▸ Exercise prompt
In the entries below, begin at the line that has "3、將煮好的慈菇倒入碗中裹上面糊。" and stop after the line that has "This handcrafted ceramic"; output those lines exactly, leaving out pictures.

▸ Recorded data
- - -
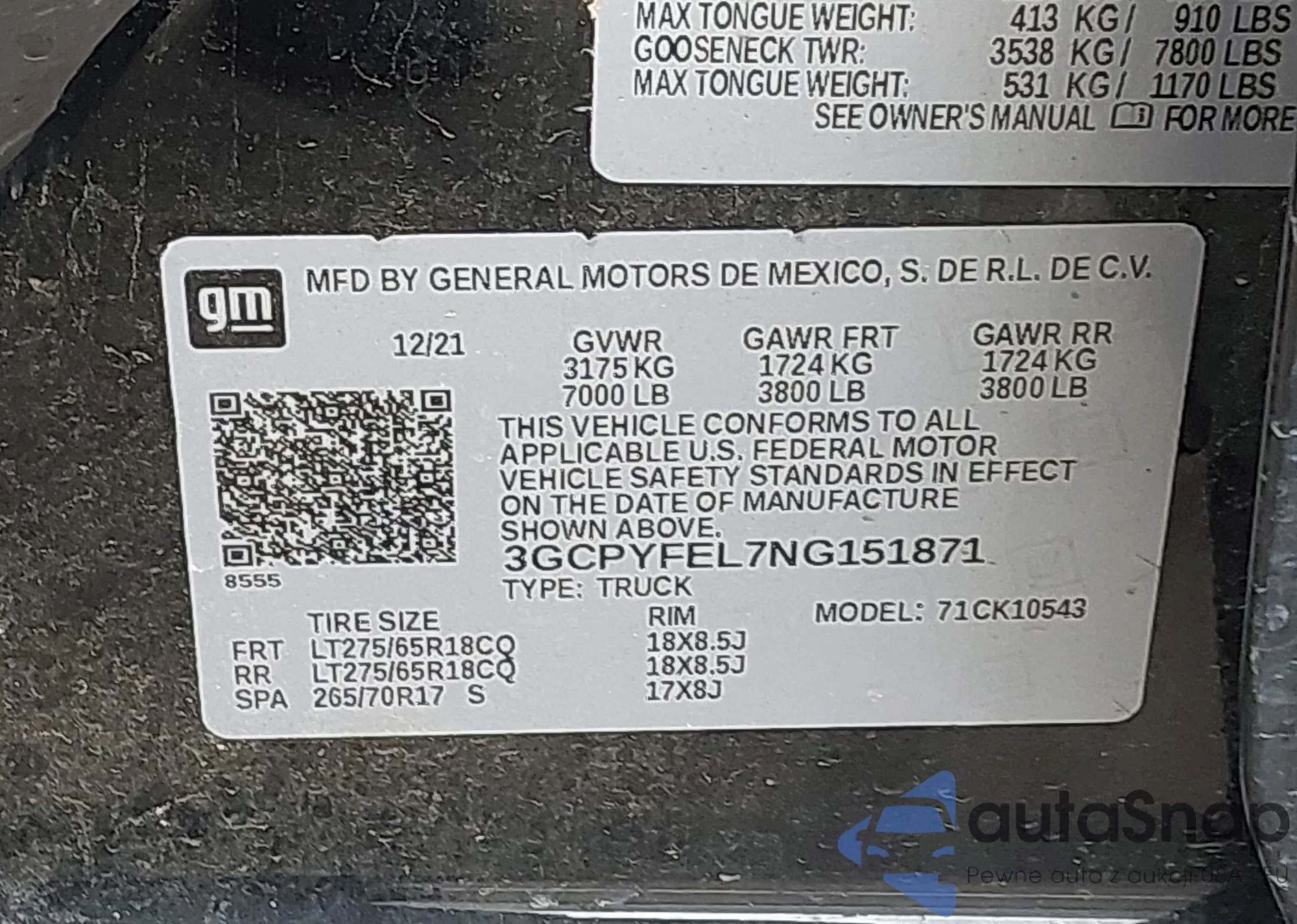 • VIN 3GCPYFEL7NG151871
- - -
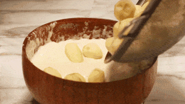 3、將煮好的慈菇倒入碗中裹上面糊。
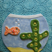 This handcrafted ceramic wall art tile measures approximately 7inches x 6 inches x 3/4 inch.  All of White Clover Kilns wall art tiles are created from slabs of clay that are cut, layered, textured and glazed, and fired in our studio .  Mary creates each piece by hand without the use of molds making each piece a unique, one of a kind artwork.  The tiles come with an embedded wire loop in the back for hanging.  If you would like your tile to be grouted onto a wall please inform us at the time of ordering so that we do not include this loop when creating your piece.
- - -
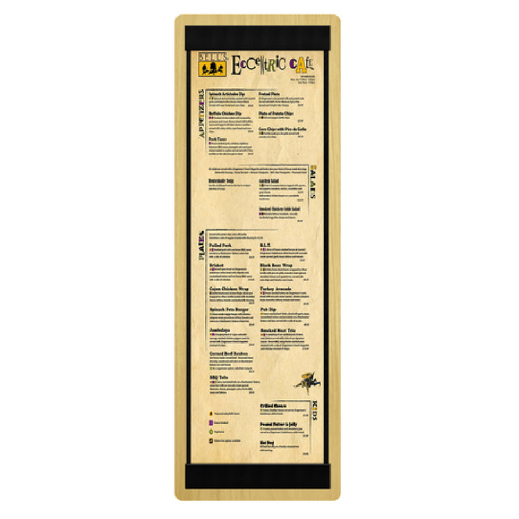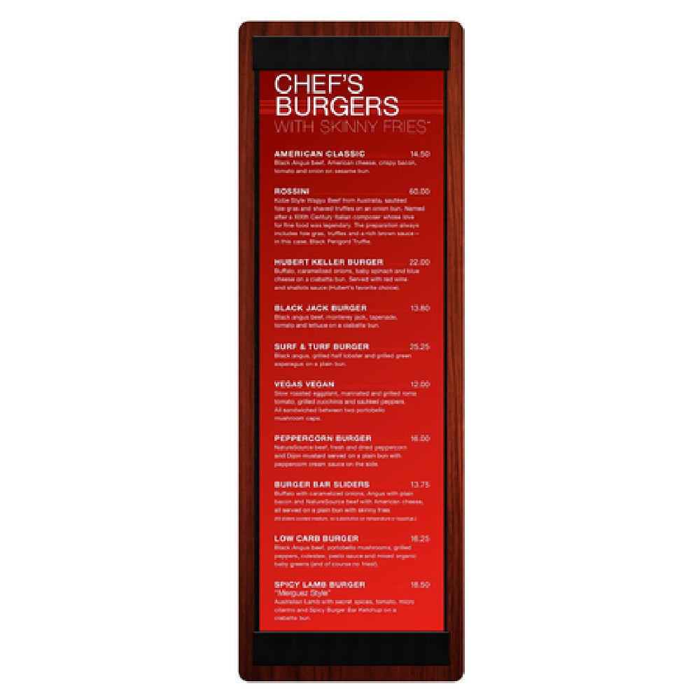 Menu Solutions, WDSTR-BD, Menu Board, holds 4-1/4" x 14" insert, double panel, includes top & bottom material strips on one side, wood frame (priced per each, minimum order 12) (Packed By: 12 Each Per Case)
- - -
▸ Exercise answer
 3、將煮好的慈菇倒入碗中裹上面糊。
 This handcrafted ceramic wall art tile measures approximately 7inches x 6 inches x 3/4 inch.  All of White Clover Kilns wall art tiles are created from slabs of clay that are cut, layered, textured and glazed, and fired in our studio .  Mary creates each piece by hand without the use of molds making each piece a unique, one of a kind artwork.  The tiles come with an embedded wire loop in the back for hanging.  If you would like your tile to be grouted onto a wall please inform us at the time of ordering so that we do not include this loop when creating your piece.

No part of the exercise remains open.